Set down all of the entries word for word, omitting the images they contain.
══ Exercise data ══
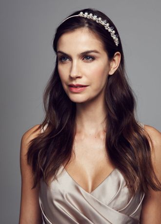 - Wrapped headband is embellished on the side with pearl and crystal droplets.
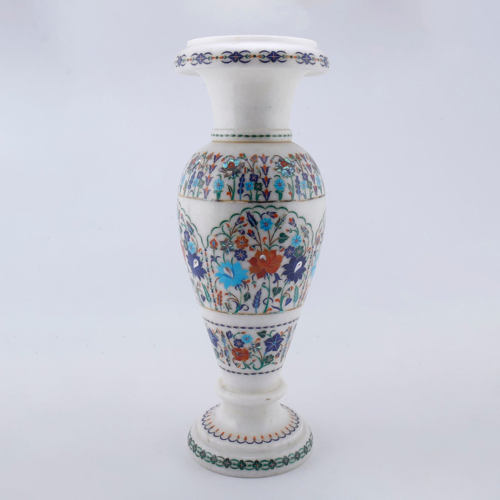 Add timeless elegance to your living space with this handcrafted marble inlay flower vase, a refined example of traditional Indian Pietra Dura artistry. Carefully sculpted from high-quality white marble, this vase showcases intricate multicolor floral and vine motifs, meticulously created by skilled artisans using age-old inlay techniques
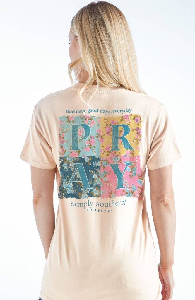 Natural tan short sleeve shirt with the phrase 'bad days, good days, everyday pray' with the letters of the word 'pray' each being in a quilted block filled with roses. Simply Southern logo below and on left chest. Unisex sizing.
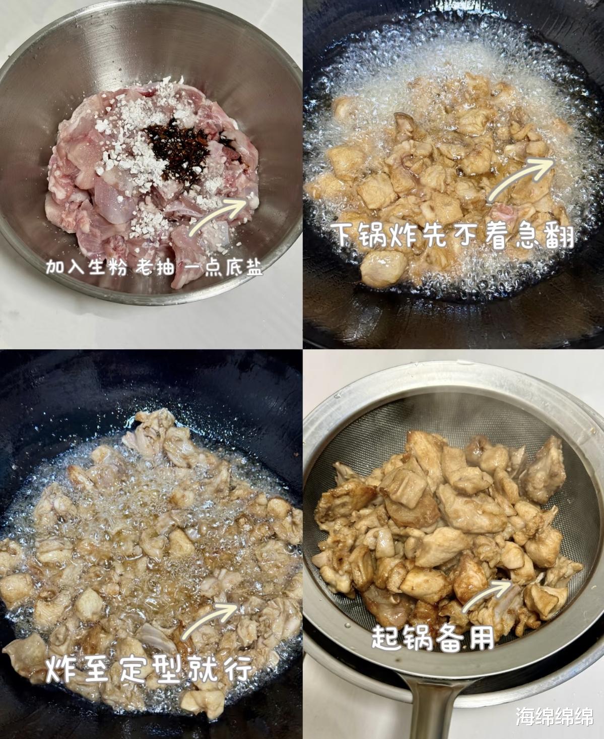 腌制好的兔肉,需要用清水冲洗干净,沥干水分后,加入少许生粉、老抽和底盐抓匀,让每一块兔肉都均匀裹上薄浆。这一步能让兔肉在后续的炸制中锁住水分,保持嫩滑的口感。接着,锅中倒入足量的油,油温烧至六成热时,将兔肉丁下锅,先不要着急翻动,待其定型后再轻轻拨散,炸至表面微黄、肉质紧实后捞出备用。
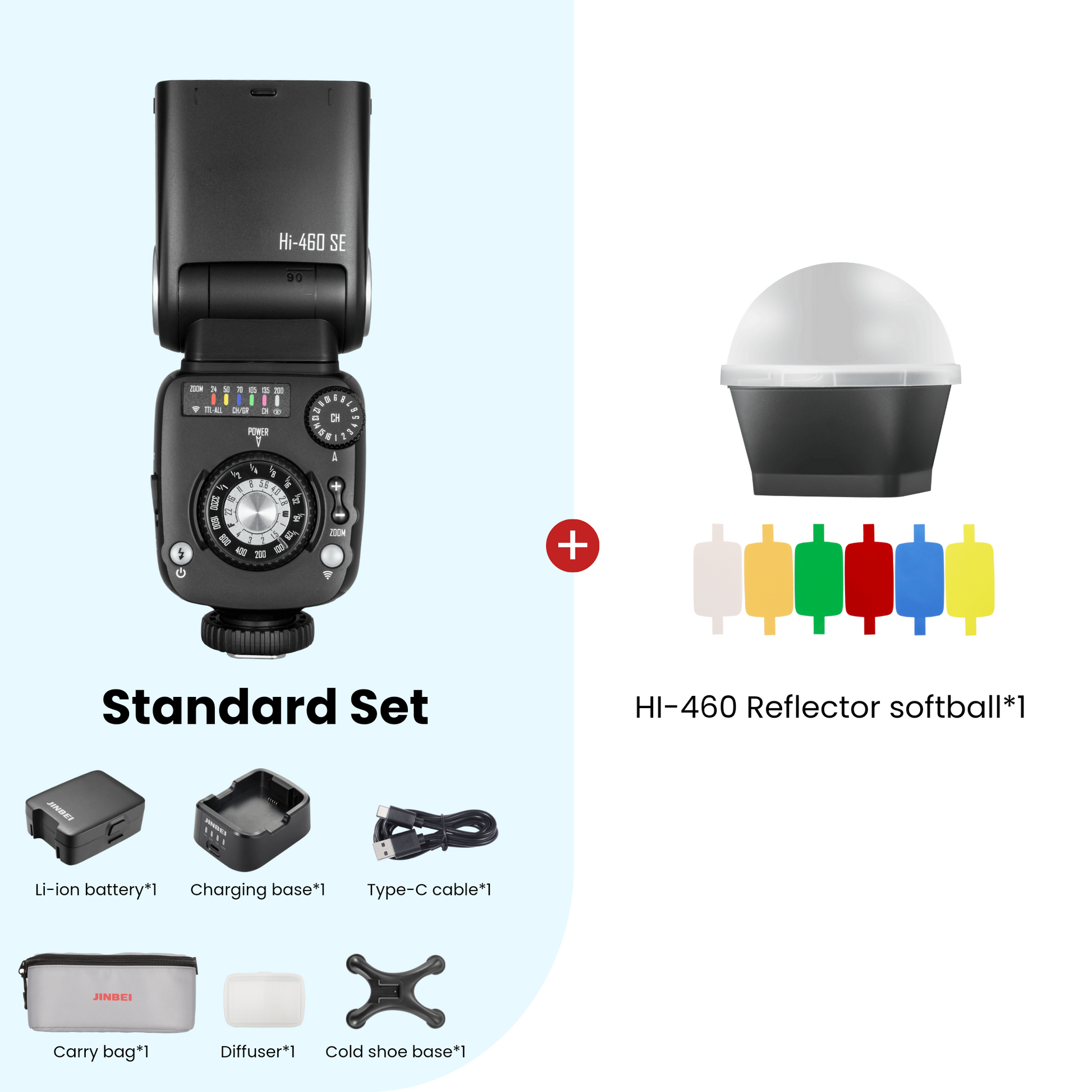 High quality, powerful, fast, lightweight and ultra compact (352 grams) Jinbei Hi-460SE speedlite flash light for studio and locations.
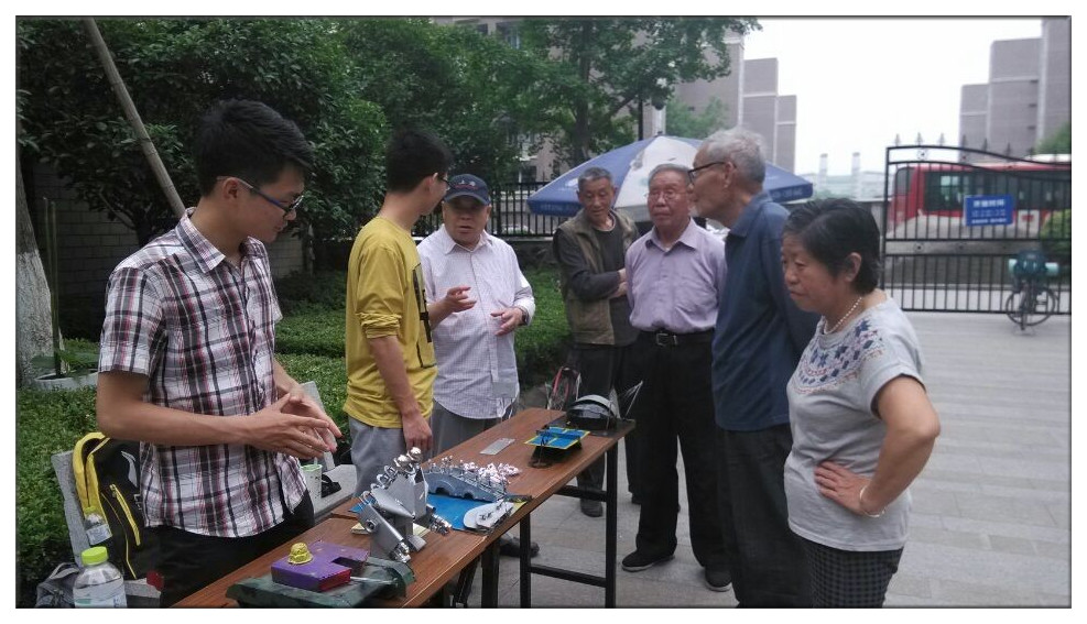 同学们一早便来到了港湾家园,午后工作站点已初具雏形。社区的居民们来来往往,不经意地被摊位上的展品吸引。好奇的居民们三两成群,围在展览台询问作品的来由,志愿者们介绍道,“这些作品都是机械动漫节参赛队伍自行设计,在学校的金工实习中心亲手制作出来的。”一位满头白发的老爷爷听到后忍不住称赞:“现在的孩子真聪明,有想法,又肯动手,不错!”
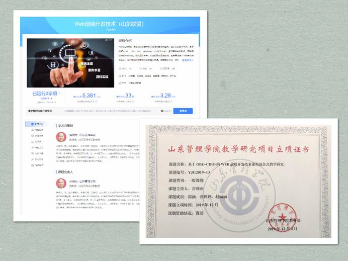 在疫情防控的关键时期,为了能够有效助力学校和兄弟院校的线上教学,使广大学子在线享受优质课程资源,房晓南带领课程团队成员进行了《Web前端开发技术》在线开放课程的建设。课程团队牺牲寒假休息时间,夜以继日的完成了课程资源建设、课程视频录制等各项任务,进一步丰富了课程资源,确保课程顺利上线运行。2月份开课后,该课程立即受到了本校及其他兄弟院校师生的热烈欢迎和广泛好评,选课高校覆盖全国12个省市自治区,包括云南师范大学、吉林警察学院、东北石油大学、山东建筑大学等。据统计,在智慧树平台上以“Web前端”和“网页设计”为主题的课程中,该课程在选课人数、选课学校数量、班级数量和互动次数都明显高于其他院校上线课程。日前,课程已运行两个学期,已累计选课5381人次,累计33所学校采用该线上课程。在此基础上,房晓南主持申报并获批校级教学研究项目一项。
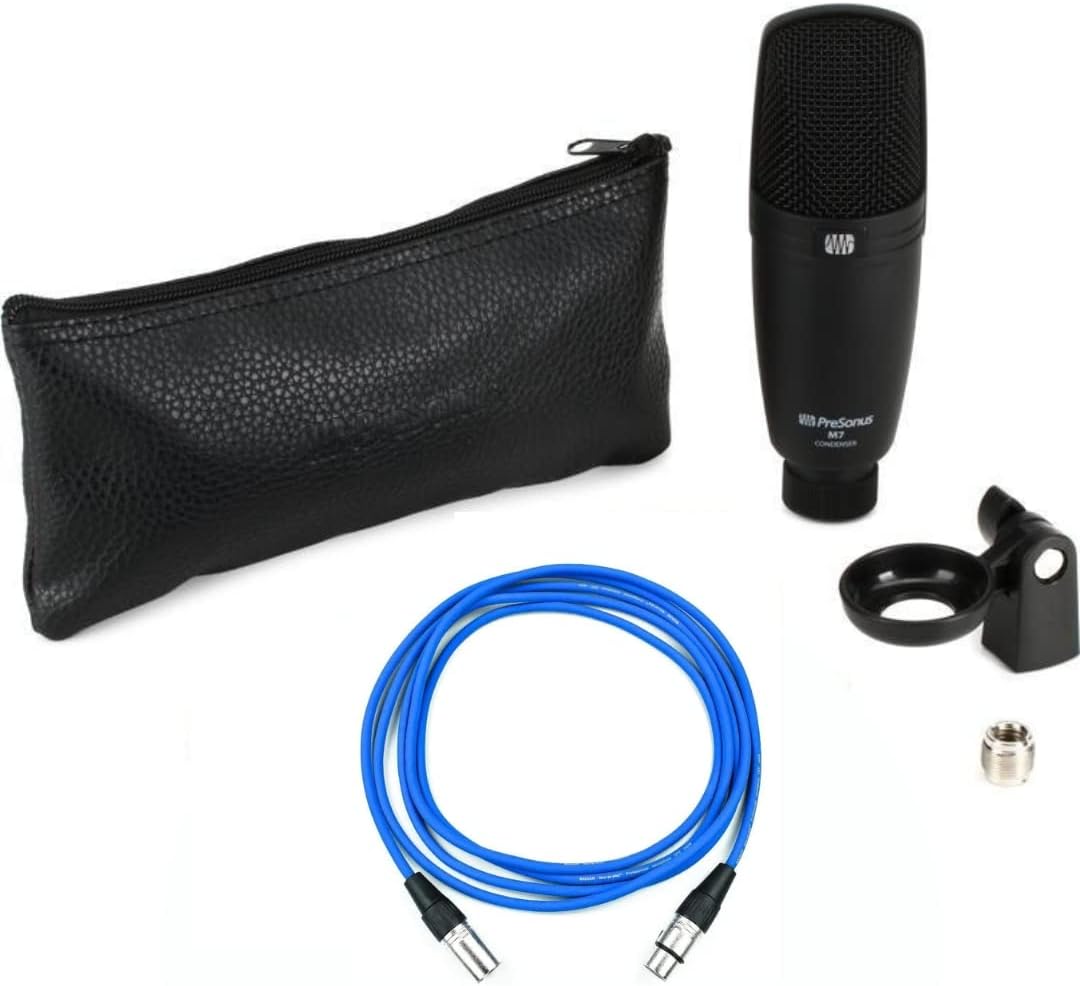 An ideal general-purpose microphone for musicians and content creators who want to save a buck without sacrificing audio quality, the PreSonus M7 cardioid condenser microphone is well-suited to vocals, guitar, podcasts, live streams, and more. It sounds great recording very nearly anything, but places particular emphasis on a warm, round top end that compliments the human voice. And with a maximum 134dB of SPL handling, you can even use it on louder instruments like electric guitar cabinets or snare drums. Rugged construction and top-quality performance specifications make the M7 cardioid condenser microphone an excellent addition for any home recording or streaming studio.
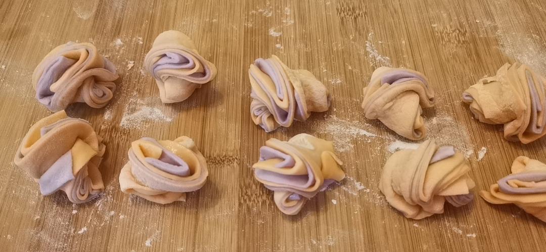 宝宝辅食花卷,用胡萝卜汁加紫甘蓝汁做花卷,捏好形状后放入北鼎蒸炖锅中蒸15分钟即可
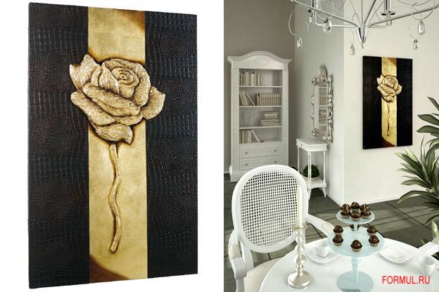 Настенное панно размером 110 ? 70 см, выполнено из черного МДФ с искусственно созданной текстурой под кожу аллигатора. Дизайн панели визуально разделен на три вертикальные зоны: первый и третий сегменты оформлены черным МДФ с выразительной текстурой кожи, а средний сегмент украшен тонкой золотой линией, на которой изысканно изображена золотая роза, гармонирующая с золотым фоном. Такое панно сочетает в себе элегантность минимализма и эффектный декоративный акцент, идеально подходит для современного интерьера.
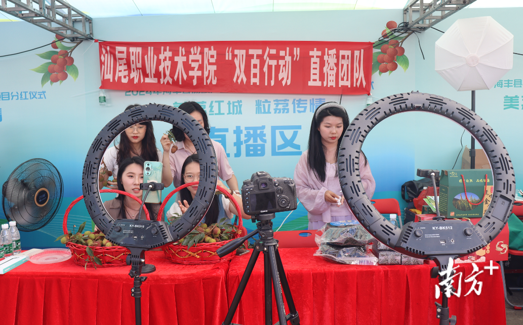 汕尾職業(yè)技術(shù)學(xué)院“雙百行動”直播團隊現(xiàn)場直播。 南方+記者 郭楊陽 拍攝
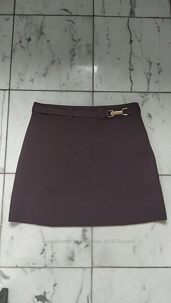 Нова, розмір М, колір правильний коричневий, гарний шоколад, склад 35% віскоза, інше поліестер, але за рахунок його спідниця гарно тримає форму.
═══
§ **Solution**
 - Wrapped headband is embellished on the side with pearl and crystal droplets.
 Add timeless elegance to your living space with this handcrafted marble inlay flower vase, a refined example of traditional Indian Pietra Dura artistry. Carefully sculpted from high-quality white marble, this vase showcases intricate multicolor floral and vine motifs, meticulously created by skilled artisans using age-old inlay techniques
 Natural tan short sleeve shirt with the phrase 'bad days, good days, everyday pray' with the letters of the word 'pray' each being in a quilted block filled with roses. Simply Southern logo below and on left chest. Unisex sizing.
 腌制好的兔肉,需要用清水冲洗干净,沥干水分后,加入少许生粉、老抽和底盐抓匀,让每一块兔肉都均匀裹上薄浆。这一步能让兔肉在后续的炸制中锁住水分,保持嫩滑的口感。接着,锅中倒入足量的油,油温烧至六成热时,将兔肉丁下锅,先不要着急翻动,待其定型后再轻轻拨散,炸至表面微黄、肉质紧实后捞出备用。
 High quality, powerful, fast, lightweight and ultra compact (352 grams) Jinbei Hi-460SE speedlite flash light for studio and locations.
 同学们一早便来到了港湾家园,午后工作站点已初具雏形。社区的居民们来来往往,不经意地被摊位上的展品吸引。好奇的居民们三两成群,围在展览台询问作品的来由,志愿者们介绍道,“这些作品都是机械动漫节参赛队伍自行设计,在学校的金工实习中心亲手制作出来的。”一位满头白发的老爷爷听到后忍不住称赞:“现在的孩子真聪明,有想法,又肯动手,不错!”
 在疫情防控的关键时期,为了能够有效助力学校和兄弟院校的线上教学,使广大学子在线享受优质课程资源,房晓南带领课程团队成员进行了《Web前端开发技术》在线开放课程的建设。课程团队牺牲寒假休息时间,夜以继日的完成了课程资源建设、课程视频录制等各项任务,进一步丰富了课程资源,确保课程顺利上线运行。2月份开课后,该课程立即受到了本校及其他兄弟院校师生的热烈欢迎和广泛好评,选课高校覆盖全国12个省市自治区,包括云南师范大学、吉林警察学院、东北石油大学、山东建筑大学等。据统计,在智慧树平台上以“Web前端”和“网页设计”为主题的课程中,该课程在选课人数、选课学校数量、班级数量和互动次数都明显高于其他院校上线课程。日前,课程已运行两个学期,已累计选课5381人次,累计33所学校采用该线上课程。在此基础上,房晓南主持申报并获批校级教学研究项目一项。
 An ideal general-purpose microphone for musicians and content creators who want to save a buck without sacrificing audio quality, the PreSonus M7 cardioid condenser microphone is well-suited to vocals, guitar, podcasts, live streams, and more. It sounds great recording very nearly anything, but places particular emphasis on a warm, round top end that compliments the human voice. And with a maximum 134dB of SPL handling, you can even use it on louder instruments like electric guitar cabinets or snare drums. Rugged construction and top-quality performance specifications make the M7 cardioid condenser microphone an excellent addition for any home recording or streaming studio.
 宝宝辅食花卷,用胡萝卜汁加紫甘蓝汁做花卷,捏好形状后放入北鼎蒸炖锅中蒸15分钟即可
 Настенное панно размером 110 ? 70 см, выполнено из черного МДФ с искусственно созданной текстурой под кожу аллигатора. Дизайн панели визуально разделен на три вертикальные зоны: первый и третий сегменты оформлены черным МДФ с выразительной текстурой кожи, а средний сегмент украшен тонкой золотой линией, на которой изысканно изображена золотая роза, гармонирующая с золотым фоном. Такое панно сочетает в себе элегантность минимализма и эффектный декоративный акцент, идеально подходит для современного интерьера.
 汕尾職業(yè)技術(shù)學(xué)院“雙百行動”直播團隊現(xiàn)場直播。 南方+記者 郭楊陽 拍攝
 Нова, розмір М, колір правильний коричневий, гарний шоколад, склад 35% віскоза, інше поліестер, але за рахунок його спідниця гарно тримає форму.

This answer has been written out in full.